Why use BlockBuilder if it’s mostly ineffective?

Code reuse: Single block format for all block types
Consistency: Unified reading/verification logic for all blocks
Future-proof: If meta block names grow or share prefixes, compression becomes useful

Block Types Comparison

To clarify the three main block types and their relationships:

graph TB subgraph Data_Layer["Data Layer"] DB1["Data Block 1 (KV pairs)"] DB2["Data Block 2 (KV pairs)"] DBN["Data Block N (KV pairs)"] end subgraph Index_Layer["Index Layer"] IB["Index Block (separator → BlockHandle)"] end subgraph Meta_Layer["Meta Layer"] MB1["Filter Block (filter data)"] MB2["Stats Block (statistics)"] MIB["MetaIndex Block (name → BlockHandle)"] end DB1 --> IB DB2 --> IB DBN --> IB MB1 --> MIB MB2 --> MIB style DB1 fill:#2ECC71,stroke:#333,stroke-width:2px,color:#000 style DB2 fill:#2ECC71,stroke:#333,stroke-width:2px,color:#000 style DBN fill:#2ECC71,stroke:#333,stroke-width:2px,color:#000 style IB fill:#4ECDC4,stroke:#333,stroke-width:2px,color:#000 style MB1 fill:#F39C12,stroke:#333,stroke-width:2px,color:#000 style MB2 fill:#F39C12,stroke:#333,stroke-width:2px,color:#000 style MIB fill:#FF6B6B,stroke:#333,stroke-width:2px,color:#000

Detailed Comparison

Aspect	Data Block	Index Block	MetaIndex Block
Purpose	Store actual KV pairs	Index data blocks	Index meta blocks
Indexed by	Index block	Footer	Footer
Entry content	Key → Value	Separator → BlockHandle	Meta name → BlockHandle
Entry count	Large (100s-1000s)	Medium (10s-100s)	Small (typically < 10)
Prefix compression	Very effective	Effective	Ineffective (names differ)
Restart interval	Every 16 entries	Every 16 entries	Usually only 1 (all shared=0)
Must have	Yes	Yes	Only if meta blocks exist
Format type	`BlockBuilder` output	`BlockBuilder` output	`BlockBuilder` output
Typical size	~4 KB each	A few KB	< 1 KB

Storage Hierarchy

SSTable File Structure:
├── Layer 1: Data
│   ├── Data Block 1 (4 KB)
│   ├── Data Block 2 (4 KB)
│   └── ...
├── Layer 2: Metadata
│   ├── Filter Block (2 KB)
│   ├── Stats Block (256 B)
│   └── ...
├── Layer 3: Indices
│   ├── MetaIndex Block (200 B) ← indexes Layer 2
│   └── Index Block (4 KB)      ← indexes Layer 1
└── Layer 4: Navigation
    └── Footer (48 B)           ← indexes Layer 3

Query Flow Examples

Example 1: Find data value

Footer → Index Block location
       → Read Index Block
       → Binary search for key
       → Get Data Block location
       → Read Data Block
       → Seek/Linear scan for value

Example 2: Use filter block

Footer → MetaIndex Block location
       → Read MetaIndex Block
       → Lookup "filter.bloom"
       → Get Filter Block location
       → Read Filter Block
       → Check if key might exist
       → If no → return NotFound (fast path)
       → If yes → proceed with Example 1

Stores Bloom filters for data blocks.

[filter 0]                            // For keys in data blocks [0*base, 1*base)
[filter 1]                            // For keys in data blocks [1*base, 2*base)
...
[filter N-1]

[offset of filter 0]                  // fixed32
[offset of filter 1]                  // fixed32
...
[offset of filter N-1]                // fixed32

[offset of offset array]              // fixed32
lg(base)                              // 1 byte (default: lg(2048) = 11)
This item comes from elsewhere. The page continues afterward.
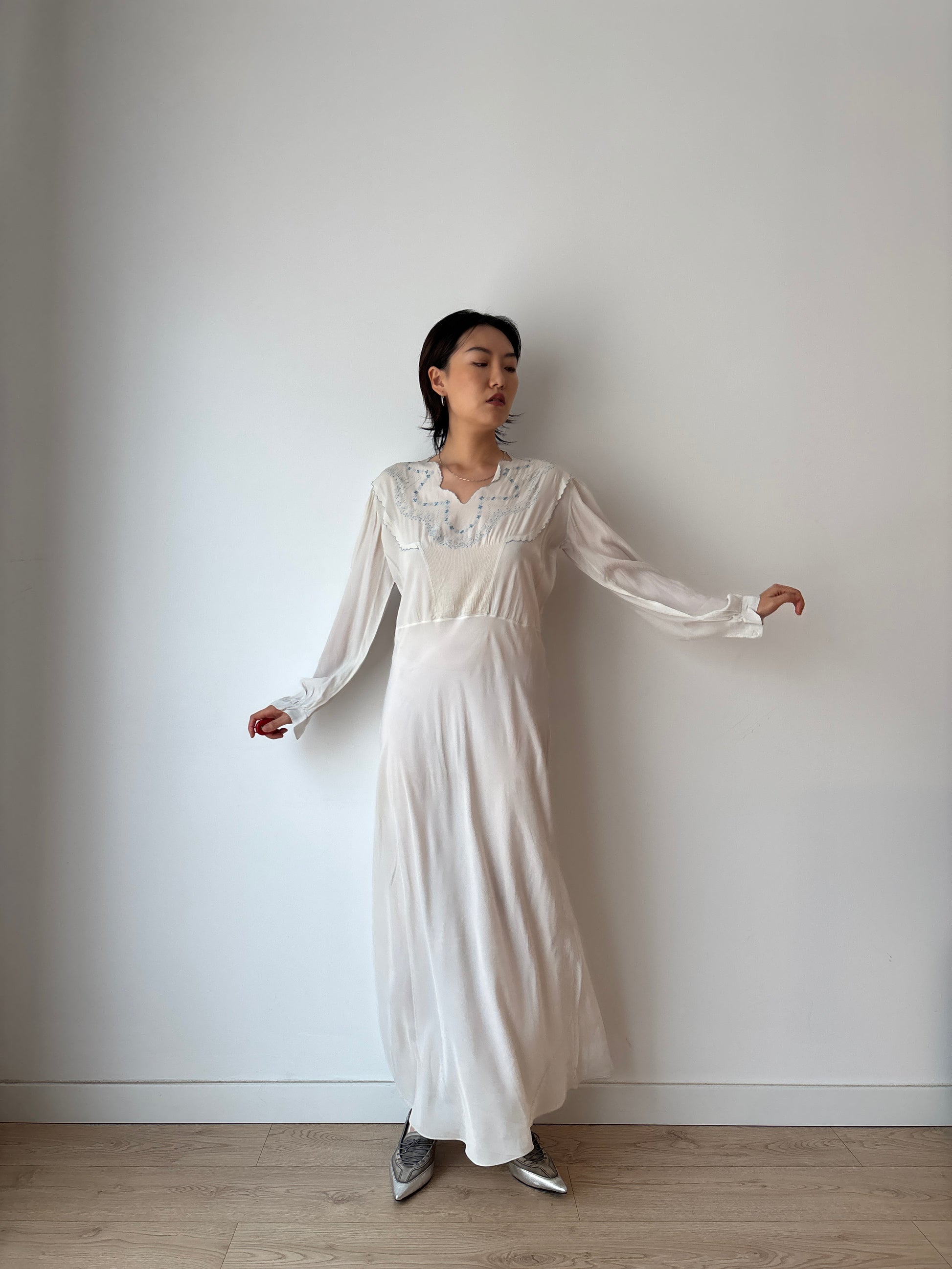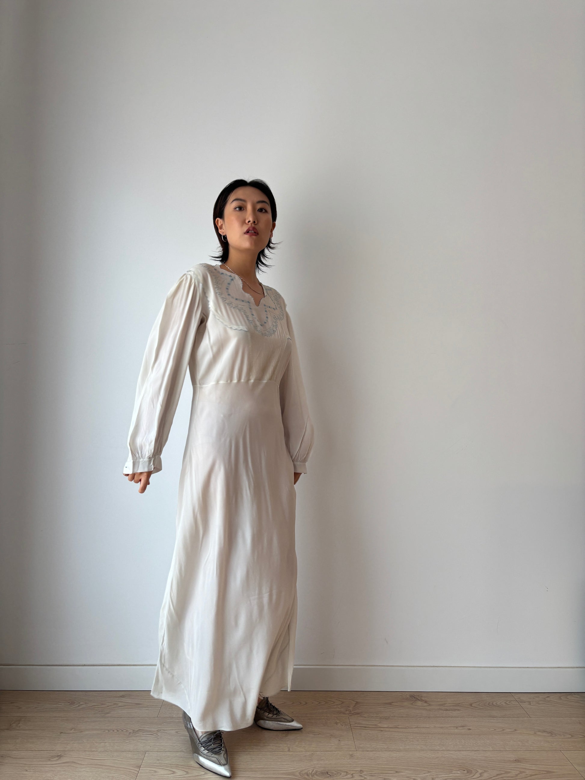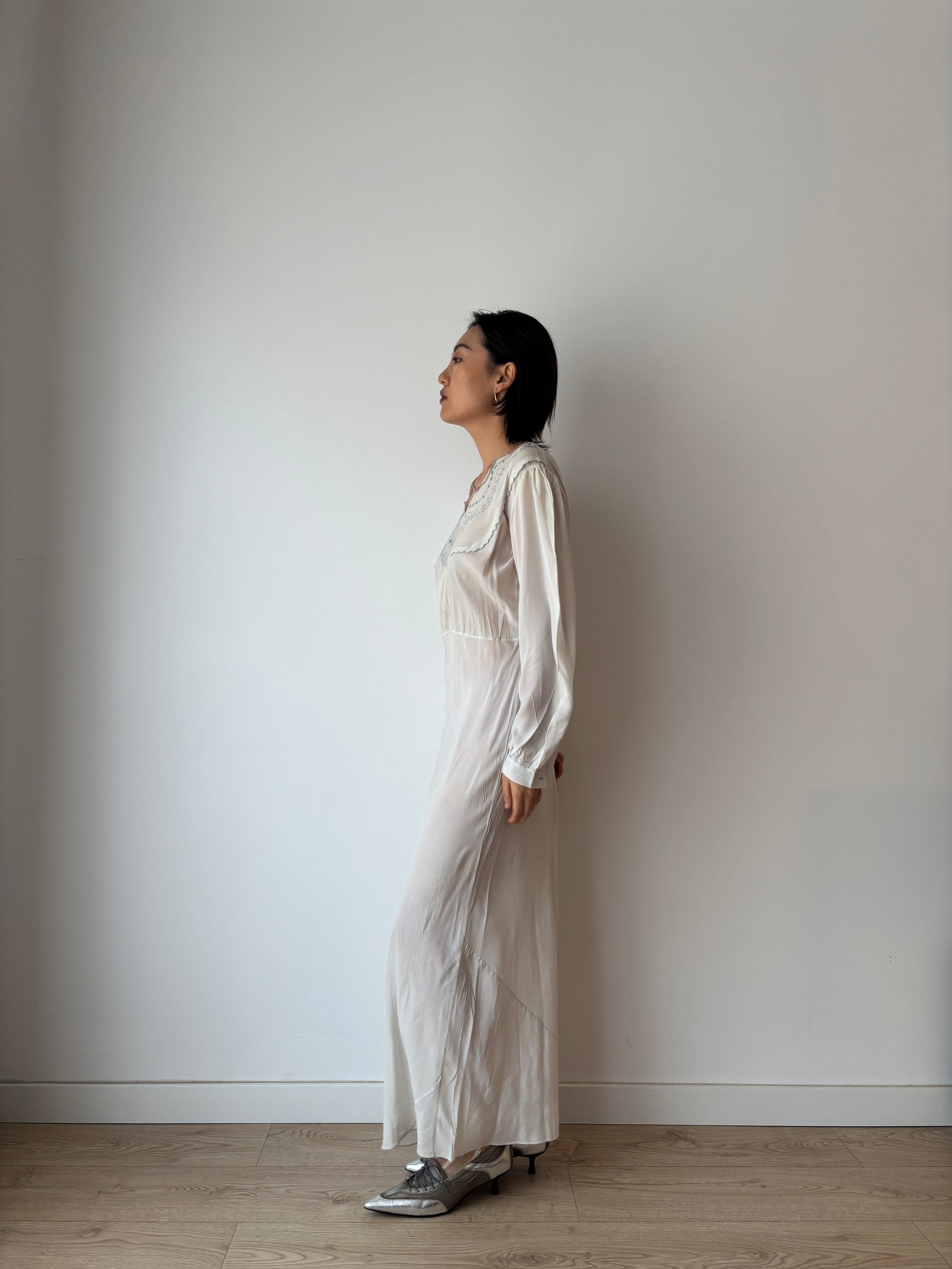 Antique 1930s bias cut pure silk crepe romantic long sleeve nightgown,

Base: 2KB (2048 bytes). All keys in data blocks whose file offset falls in [i*2KB, (i+1)*2KB) are combined into filter i.

The footer is fixed 48 bytes at the end of the file:

Footer := metaindex_handle (varint64 offset | varint64 size, padded to 20 bytes)
        | index_handle     (varint64 offset | varint64 size, padded to 20 bytes)
        | padding          (fill to 40 bytes total)
        | magic            (0xdb4775248b80fb57, fixed64, 8 bytes)

Total: 40 bytes (handles + padding) + 8 bytes (magic) = 48 bytes.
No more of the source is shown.